Start of Data to process

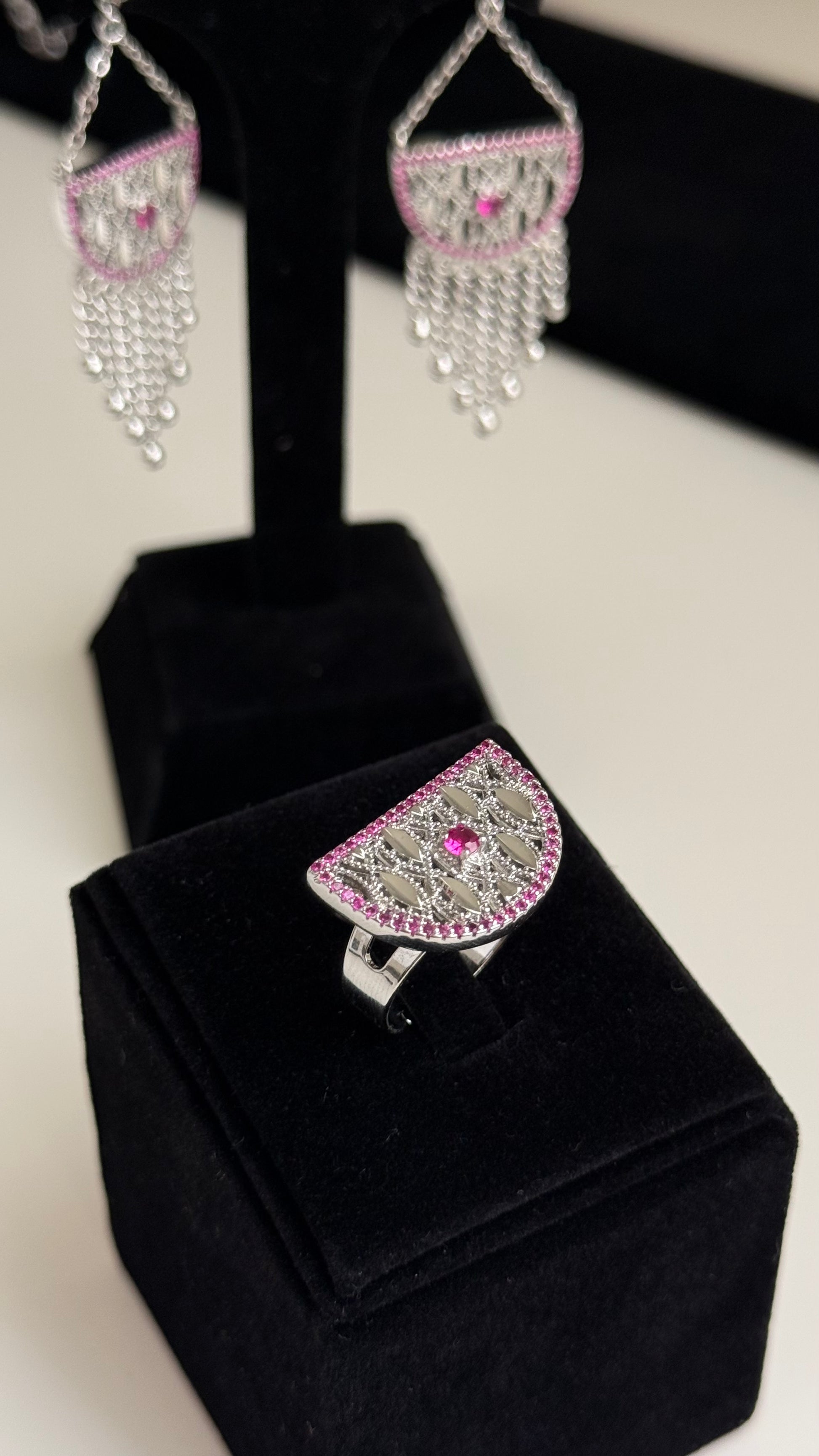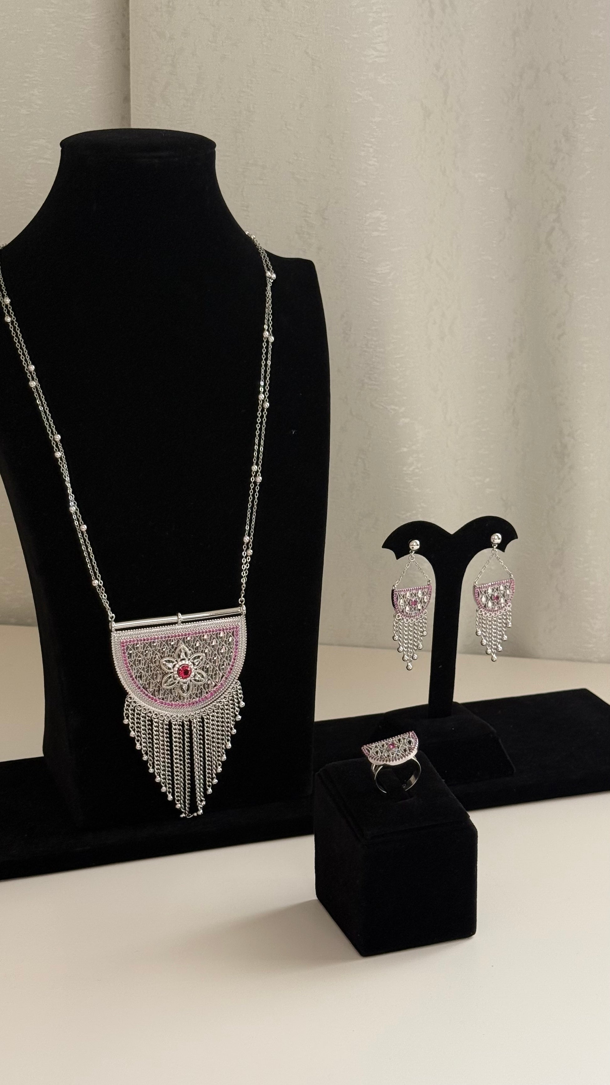 A statement piece of timeless elegance, the Zareen Set blends intricate silver craftsmanship with soft touches of pink to create a truly regal look. This set includes a bold necklace, delicately designed earrings, and a matching ring — perfect for making an impression at traditional events or special occasions.
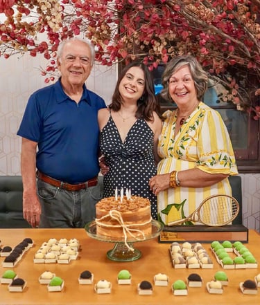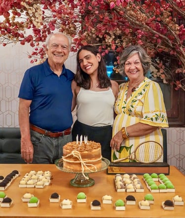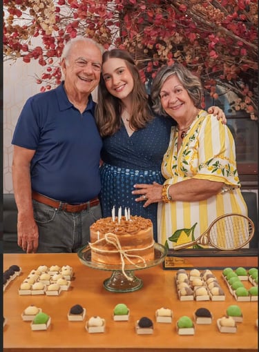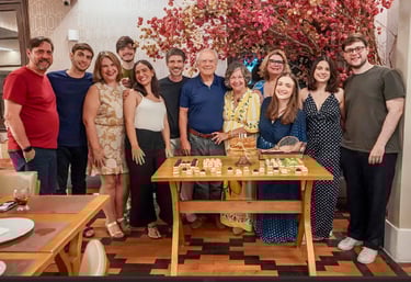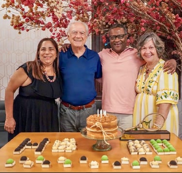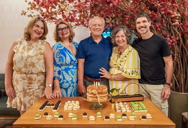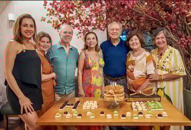 O núcleo familiar residente em Pernambuco se uniu para homenagea-lo presencialmente neste dia muito especial, aproveitando as presenças da neta Camilinha e da filha Monica, recém chegadas da Europa e China e que não puderam abraça-lo no dia 10 de abril.
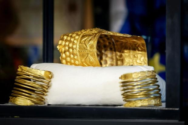 Coiful de la Coțofenești și cele două brățări dacice au fost prezentate într-o conferință de presă, la muzeul din Drents FOTO: Profimedia Images
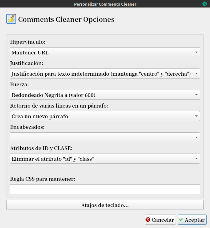 Strategy change: All CSS rules are removed. Only a handful basic rules as keep. - Added a option to specify additional CSS rules to keep. - Saving parameters in a JSON (common to all libraries). Your settings will be reset! - Added an option to remove Multiple Line Return <br> and create a new paragraph instead. |
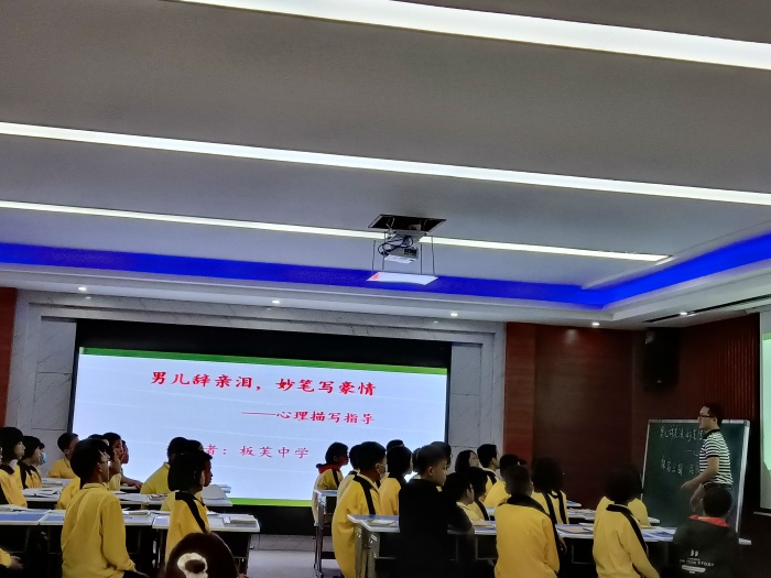 罗广英老师结合板芙本土特色,以选拔红色里溪讲解员为引子,用小兵张嘎的影片细节切入,通过慢镜头再现、下水文细致指导动作、心理描写的具体方法。同方学校刘文静老师巧妙结合时政热点,通过“晚舟归国”与《长津湖》画面指导动作描写。板芙一中王群老师课堂沉稳,通过有梯度的教学设计将重难点一一突破。板芙中学陈军强老师以《男儿辞亲泪,妙笔写豪情》为题,以“泪”为切入点,充分展现写后的指导才能。
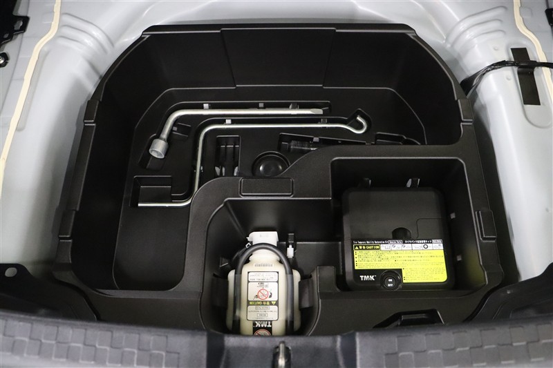 ラゲージスペースには床下収納を備えています。洗車用品などを入れておけて便利ですよ。スペース内にパンク修理キットを装備しています。最近は未使用のまま廃棄となるスペアタイヤが多いので、エコですね。
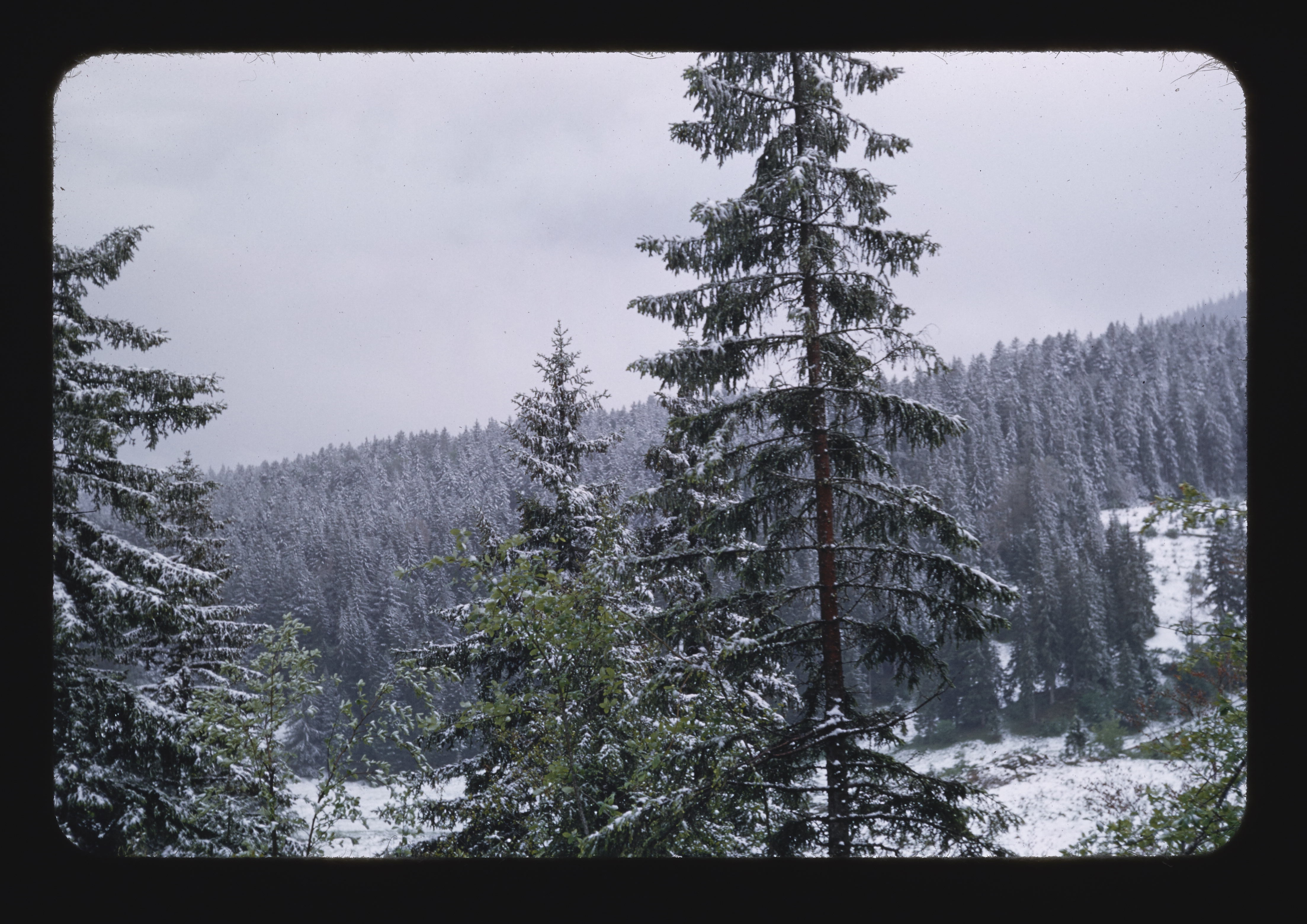 - EN snow (precipitation), trees (woody plants), mountain range, pine (genus)
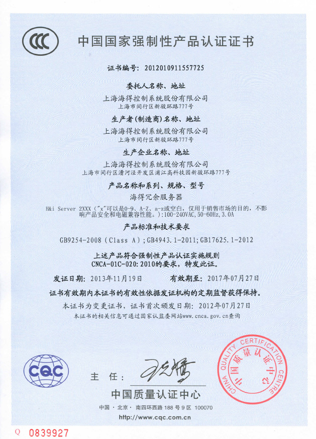 發布時(shí)間(jiān):2013-12-10近(jìn)日(rì),海(hǎi)得(de)控制(zhì)H&i Server冗餘服務器(qì)順利完β成3C認證證書(shū)标準換版工(gōng)作(zuò),并對(duì)安全換版、EMC标準換版、委托人(r≤én)地(dì)址變更等三方面內(nèi)容進行(xíng)了(le)變更,而且為(wèi)今後更大(dà)範圍的(de±)産品推廣打下(xià)了(le)堅實的(de)基礎。
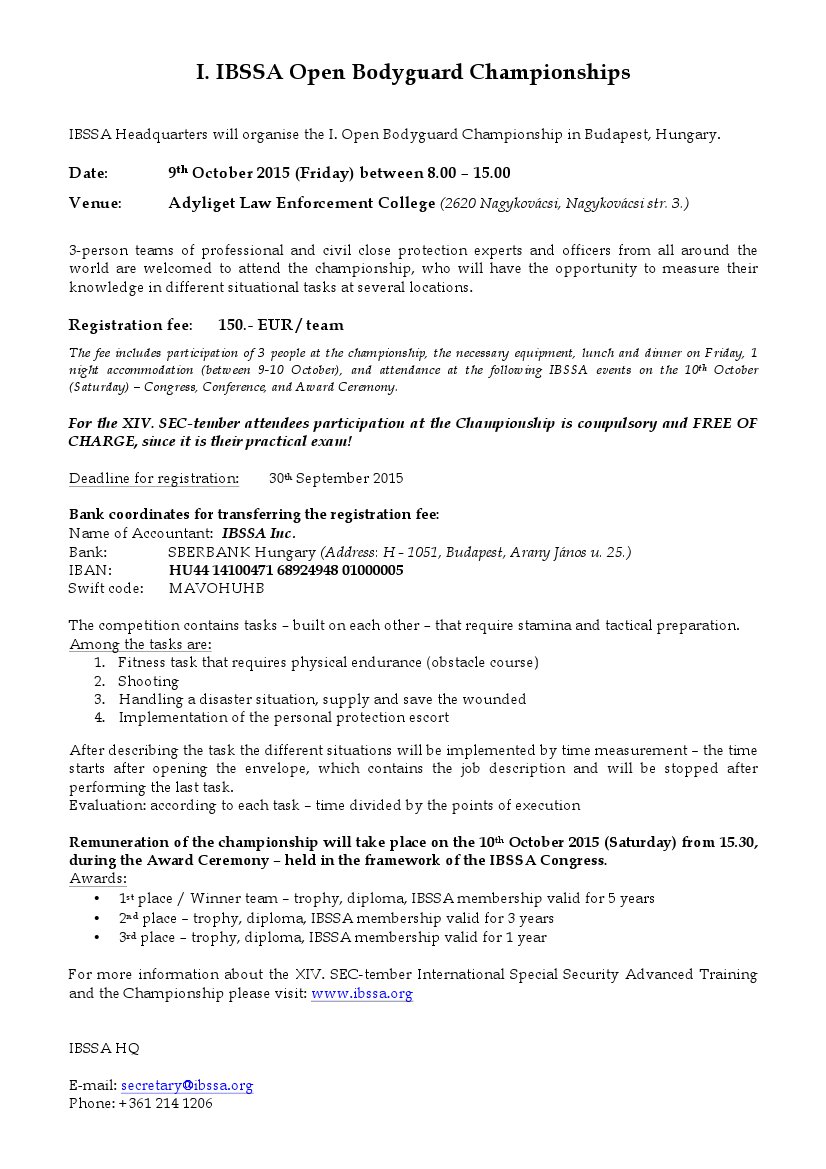 Information on the I. IBSSA Open Bodyguard Championships - 2015
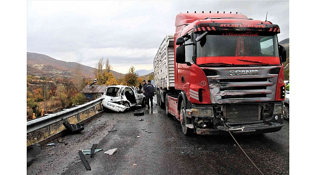 Elazığ'da tır ile otomobilin çarpışması sonucu meydana gelen kazada ağır yaralanan iki kişiden biri hayatını kaybetti.
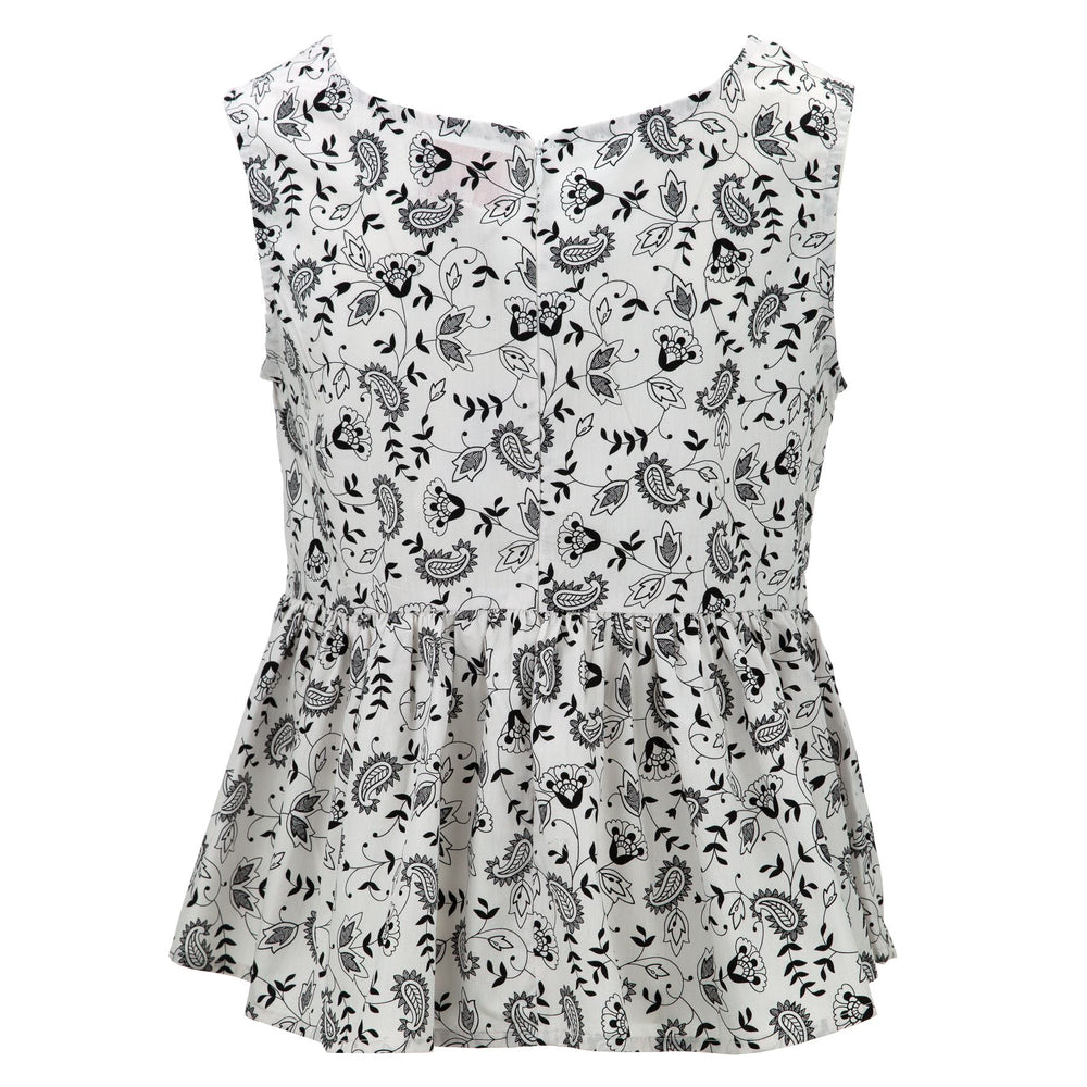 Ruched Box Top - White Paisley Flower

End of Data to process

• Assignment: Write out the whole listing exactly, and drop the pictures.

• Written response:
 A statement piece of timeless elegance, the Zareen Set blends intricate silver craftsmanship with soft touches of pink to create a truly regal look. This set includes a bold necklace, delicately designed earrings, and a matching ring — perfect for making an impression at traditional events or special occasions.
 O núcleo familiar residente em Pernambuco se uniu para homenagea-lo presencialmente neste dia muito especial, aproveitando as presenças da neta Camilinha e da filha Monica, recém chegadas da Europa e China e que não puderam abraça-lo no dia 10 de abril.
 Coiful de la Coțofenești și cele două brățări dacice au fost prezentate într-o conferință de presă, la muzeul din Drents FOTO: Profimedia Images
 Strategy change: All CSS rules are removed. Only a handful basic rules as keep. - Added a option to specify additional CSS rules to keep. - Saving parameters in a JSON (common to all libraries). Your settings will be reset! - Added an option to remove Multiple Line Return <br> and create a new paragraph instead. |
 罗广英老师结合板芙本土特色,以选拔红色里溪讲解员为引子,用小兵张嘎的影片细节切入,通过慢镜头再现、下水文细致指导动作、心理描写的具体方法。同方学校刘文静老师巧妙结合时政热点,通过“晚舟归国”与《长津湖》画面指导动作描写。板芙一中王群老师课堂沉稳,通过有梯度的教学设计将重难点一一突破。板芙中学陈军强老师以《男儿辞亲泪,妙笔写豪情》为题,以“泪”为切入点,充分展现写后的指导才能。
 ラゲージスペースには床下収納を備えています。洗車用品などを入れておけて便利ですよ。スペース内にパンク修理キットを装備しています。最近は未使用のまま廃棄となるスペアタイヤが多いので、エコですね。
 - EN snow (precipitation), trees (woody plants), mountain range, pine (genus)
 發布時(shí)間(jiān):2013-12-10近(jìn)日(rì),海(hǎi)得(de)控制(zhì)H&i Server冗餘服務器(qì)順利完β成3C認證證書(shū)标準換版工(gōng)作(zuò),并對(duì)安全換版、EMC标準換版、委托人(r≤én)地(dì)址變更等三方面內(nèi)容進行(xíng)了(le)變更,而且為(wèi)今後更大(dà)範圍的(de±)産品推廣打下(xià)了(le)堅實的(de)基礎。
 Information on the I. IBSSA Open Bodyguard Championships - 2015
 Elazığ'da tır ile otomobilin çarpışması sonucu meydana gelen kazada ağır yaralanan iki kişiden biri hayatını kaybetti.
 Ruched Box Top - White Paisley Flower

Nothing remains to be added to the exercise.